The ICO has had a busy January with some key updates to note for the start of 2014.

The ICO has produced a series of quarterly reports:

  • Spam text messages
    • The main three topics for the subject of unsolicited marketing text messages were found to be debt management, payday loans and payment protection insurance.
    • Enforcement activity for 2014 will focus on culprits in breach of the Privacy and Electronic Communications Regulations (PECR) 2003.
    • The ICO has lobbied the Department for Culture, Media and Sport to lower the threshold to trigger enforcement by monetary penalty fines for violation of PECR, submitting the case that the trigger of demonstrating substantial damage or distress is too high, with too many organisations sending unsolicited marketing texts slipping through the grasp of the ICO’s enforcement powers.
  • Marketing calls
    • The top three subjects of live sales calls covered payment protection insurance, accident claims and energy.
    • The level of complaints about cold calls is at its lowest level since October 2012, totalling 4,996 in December 2014.
    • The ICO correlates the decline in complaints as a direct result of fines issued in 2013, such as that against DM Design Bedrooms Ltd of £90,000 for making 2000 unsolicited marketing calls in breach of PECR.
  • Cookies
    • The ICO received 53 complaints during the period of October-December 2013 about cookies via the ICO website.
    • The ICO is focusing enforcement on the most visited UK websites, which have taken no steps to raise awareness about cookies or sought to gain user consent.
    • The ICO has now written to a total of 265 organisations about compliance with cookie rules.

The ICO has experienced mixed fortunes with enforcement action. On January 24, the ICO successfully sentenced six investigators of ICU Investigations Ltd for conspiring to unlawfully obtain personal data about its clients, finding the two managers of the company guilty of a criminal offence under section 55 of the Data Protection Act 1998, and fined the investigators a total of £37,107. Furthermore, back in December 2013, the ICO issued a fine of £175,000 against payday loan company First Financial UK for sending millions of unauthorized marketing text messages. In juxtaposition to this, the First Tier Tribunal (Information Rights) overturned a £300,000 monetary penalty notice issued against Tetrus Telecoms for sending unsolicited text messages to consumers. In spite of this, the ICO is keen to stress it will be appealing this decision further to demonstrate that breaches of the PECR will not be tolerated.
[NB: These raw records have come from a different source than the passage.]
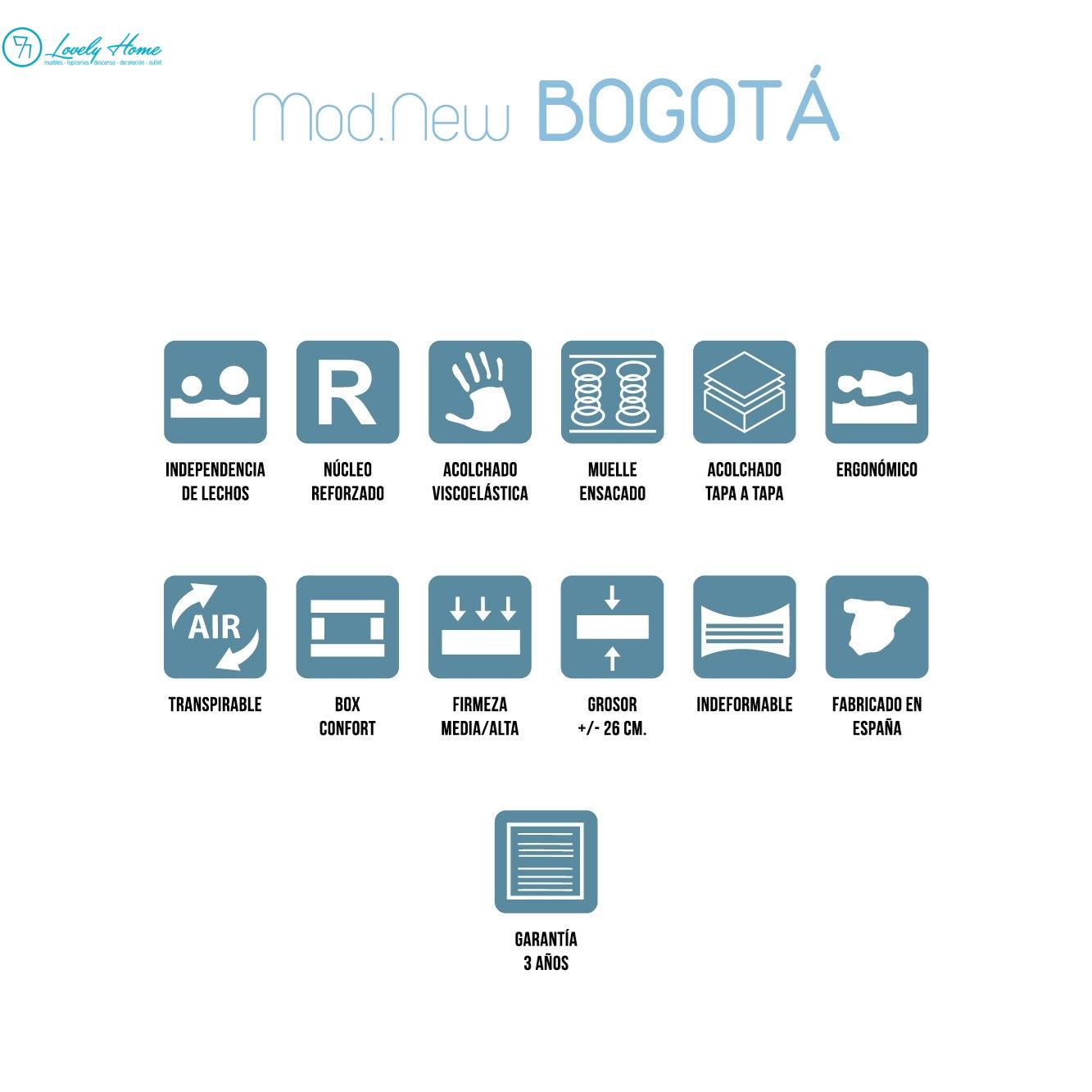 Lo que hace destacar al New Bogotá frente a otros modelos es su estructura interna ultra-reforzada. Cuenta con el Sistema BOX, un refuerzo perimetral en todo el contorno que evita deformaciones al sentarse en los bordes. Además, incorpora un refuerzo extra de fieltro ondulado de 1800 gr en ambas caras sobre el muelle.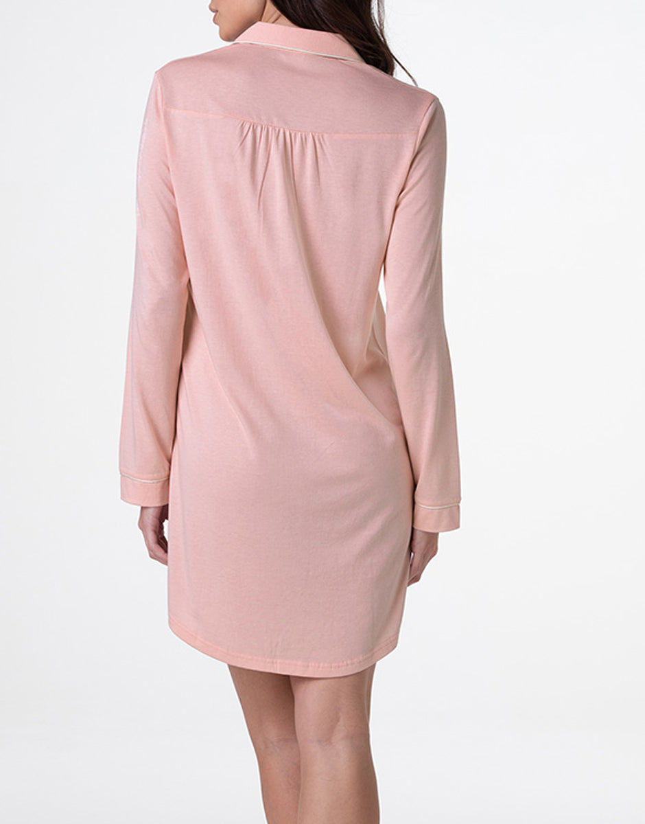 Long-sleeved open nightgown in Modal cotton, vintage pink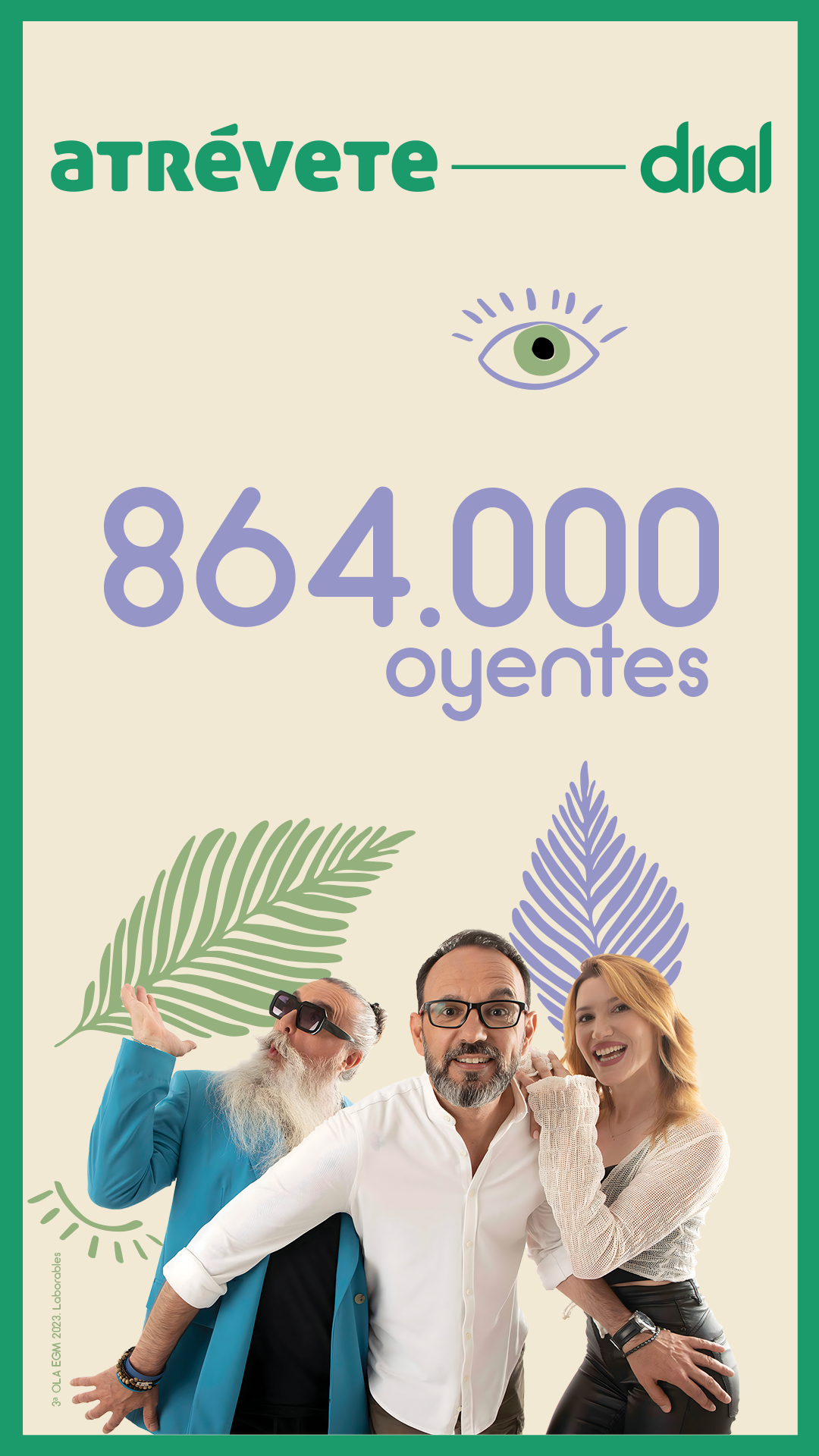 Cadena Dial se mantiene líder de la radio musical en español y es tercera radio musical más escuchada de España con un total de 1.474.000 oyentes diarios. Los atrevidos siguen siendo una piña. Y es que cada día 864.000 oyentes se levantan con Jaime Moreno y todo su equipo de Atrévete.
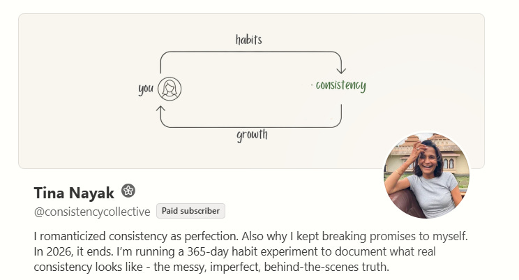 I’m Tina. I write The Consistency Collective — about building habits with self-kindness instead of streaks. For women who want to grow joyfully, not grind through guilt. Helping women keep promises to themselves — one habit at a time, joyfully. No perfect streaks required.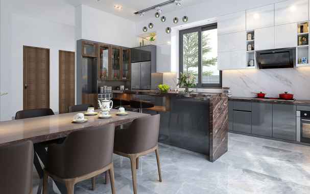 Khu vực phòng ăn + bếp trong mẫu nhà cấp 4 có gác lửng 7x10m thực sự tạo nên một bữa cơm nóng cho gia đình và hiện đại nhất. Nếu phòng ăn ấn tượng với chất liệu gỗ công nghiệp, được đính đá lấp lánh thì bàn ghế ăn phong cách hiện đại lại có khả năng phản chiếu ánh sáng cực tốt. Cũng giống như phòng ăn, không gian bếp cũng được thiết kế theo phong cách đơn giản, hiện đại mang đến không gian rộng rãi cho việc đứng nấu nướng. Việc sử dụng màu đen trắng trong nội thất và sử dụng ánh sáng vàng sẽ mang lại nhiều cảm hứng cho quá trình nấu nướng của các đầu bếp tại gia. Hai không gian còn kết hợp ánh sáng tự nhiên và đèn chùm để tăng thêm sự lung linh, quyến rũ cho không gian ngay cả khi về đêm.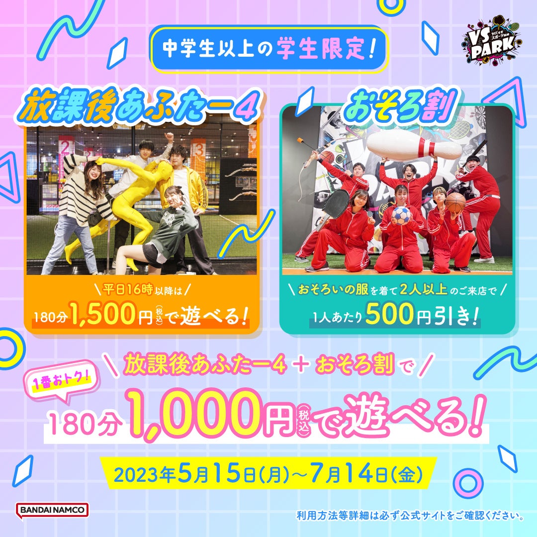 株式会社バンダイナムコアミューズメントが運営する新感覚バラエティスポーツ施設『VS PARK』では、2023年5月15日(月)から7月14日(金)までの期間、中学生以上の学生限定で、通常よりもおトクに遊べる「放課後あふたー4」と「おそろ割」を同時開催します※1。

The ICO has also issued a report analysing the strengths and weaknesses of data-processing activities in GP practices involving sensitive patient data. The report identifies a series of recommendations to improve existing practices, including ensuring all data breaches are reported, improving the way in which patients are informed about how their data will be used, greater awareness about the risks of using fax machines to process patient data, and more careful management of large volumes of patients paper records. This report will likely be particularly potent in light of NHS England’s latest plans as part of its care.data scheme, scheduled to be launched this March, and which will create a central database for all patient records in the UK.

Finally, the latest draft guidance from the ICO, ‘Data Protection and Journalism – a guide for media’, has also been issued for public consultation. The guide has emerged in the context of finding from the Leveson Inquiry into the Culture, Practices and Ethics of the Press in November 2012, which highlighted the need for the ICO to issue good practice guidelines to ensure appropriate standards of data processing are adhered to by the press and media. The deadline for public responses on the draft is 22 April 2014.